Nobody sat down in 1936 and said, "I'm going to invent the computer today." Alan Turing was trying to answer a dry philosophical question about math. Claude Shannon was trying to measure surprise. Frank Rosenblatt was borrowing ideas from neuroscience. The trillion-dollar AI industry you're watching unfold right now is, at its core, a pile of accidental discoveries stacked on top of each other — each one solving a narrow problem that happened to unlock the next door.

Fireship's recent video walks through ten computer science papers spanning 1936 to 2020, making the case that this specific chain of work is what made modern AI possible. It's a tight argument, and it mostly holds up. Here's what those papers actually said, why they mattered, and where the story gets complicated.


The foundation: defining what "computing" even means

Before you can build anything, you need to know what can be built. Turing's 1936 paper, On Computable Numbers, with an Application to the Entscheidungsproblem, was answering David Hilbert's challenge: is there a universal algorithm that can decide whether any mathematical statement is true? Turing's answer was no — and to prove it, he had to define what an algorithm was in the first place.

His solution was the Turing Machine: a hypothetical device with an infinite tape, a read-write head, and a rulebook. Abstract, yes. But also the conceptual blueprint for every physical computer built since. The halting problem — can you write a program that determines whether any other program will finish or loop forever? — is provably unsolvable, which means there are hard limits baked into computation itself. That's a useful thing to know before you spend the next century building on top of the concept.

Twelve years later, Claude Shannon's A Mathematical Theory of Communication (1948) did something equally radical. He stripped meaning out of information entirely. As the video puts it: "'I love you' and 'the cat is on fire' carry the same information if they're equally surprising." He measured that surprise in bits, proved all information could be reduced to ones and zeros, and borrowed the concept of entropy from thermodynamics to quantify uncertainty.

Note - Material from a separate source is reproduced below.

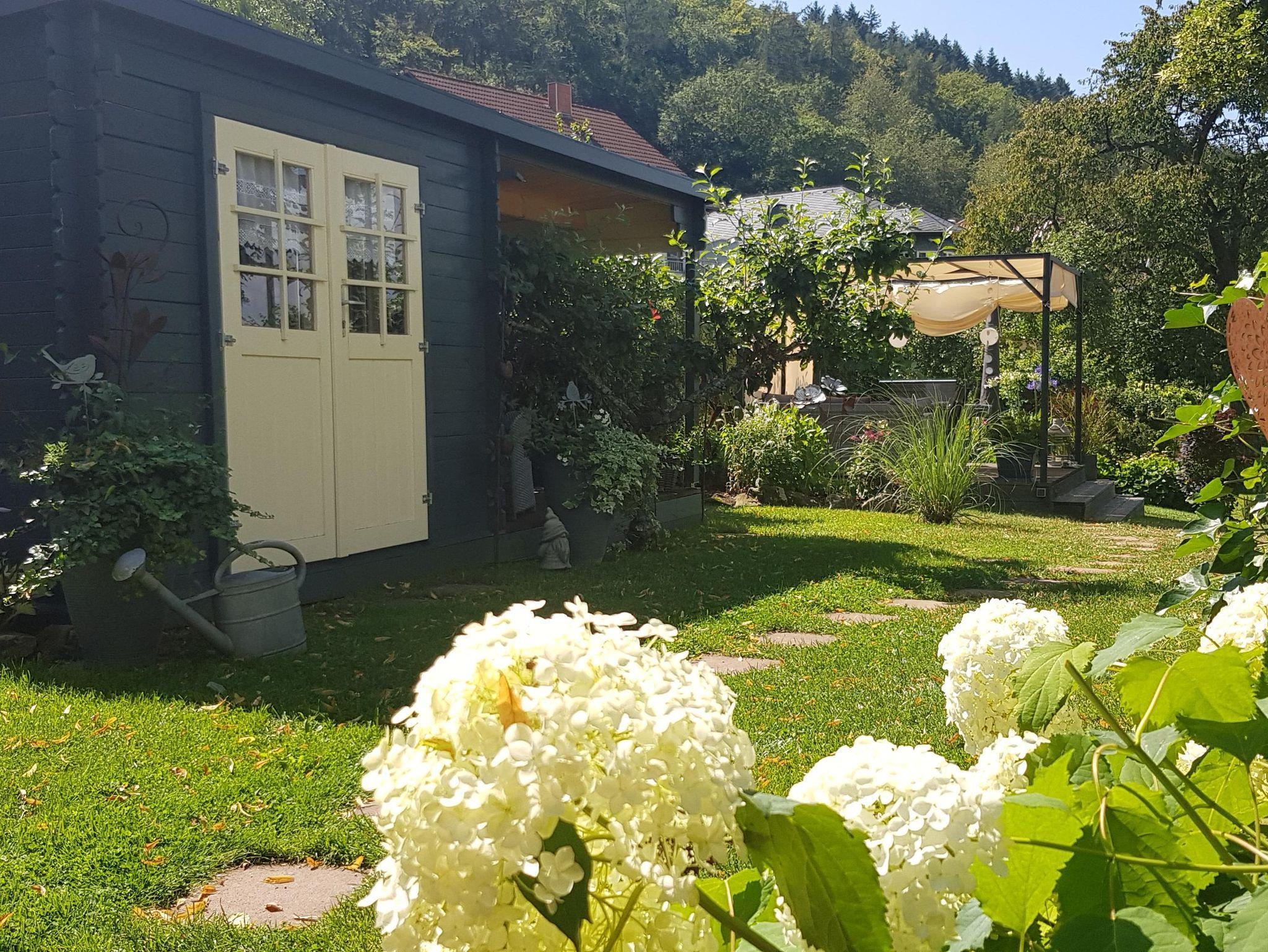 Im dazugehörigen Garten mit zauberhaftem Fernblick wartet ein Gartenhaus mit überdachter Außenlounge und einer Sonnenterasse auf unsere Gäste.
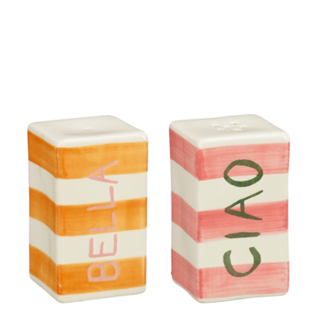 Voeg een speelse Italiaanse touch toe aan je tafel met het Bliss zout- en peperstel. Dit vrolijke duo is gemaakt van stevig steengoed en uitgevoerd in de kleuren geel en roze, versierd met de woorden 'Bella' en 'Ciao'. Ideaal om je eettafel op te fleuren en perfect te combineren met het overige Bliss-servies. Met afmetingen van L5 x B5 x H8,5 cm liggen de vaatjes prettig in de hand en zorgen ze voor een charmante uitstraling tijdens elke maaltijd. Een leuke toevoeging aan elke gedekte tafel!

Here's the part that still gives me pause: Shannon wasn't building AI. He was solving a communications engineering problem. But in doing so, he wrote what Fireship calls "the spiritual ancestor to the loss function" — the mathematical mechanism that tells every neural network today how wrong it is and nudges it toward being less wrong. Anthropic naming their model Claude isn't just a fun Easter egg. It's a genuine acknowledgment of where this lineage starts.


The hype cycle that never goes away

In 1958, a Cornell psychologist named Frank Rosenblatt built the perceptron — the first machine that could actually learn from examples. It took inputs, weighted them, and adjusted those weights when it made mistakes. The Navy funded it. The New York Times declared the computer would soon be conscious. The hype was, in the video's words, "immediate and unhinged."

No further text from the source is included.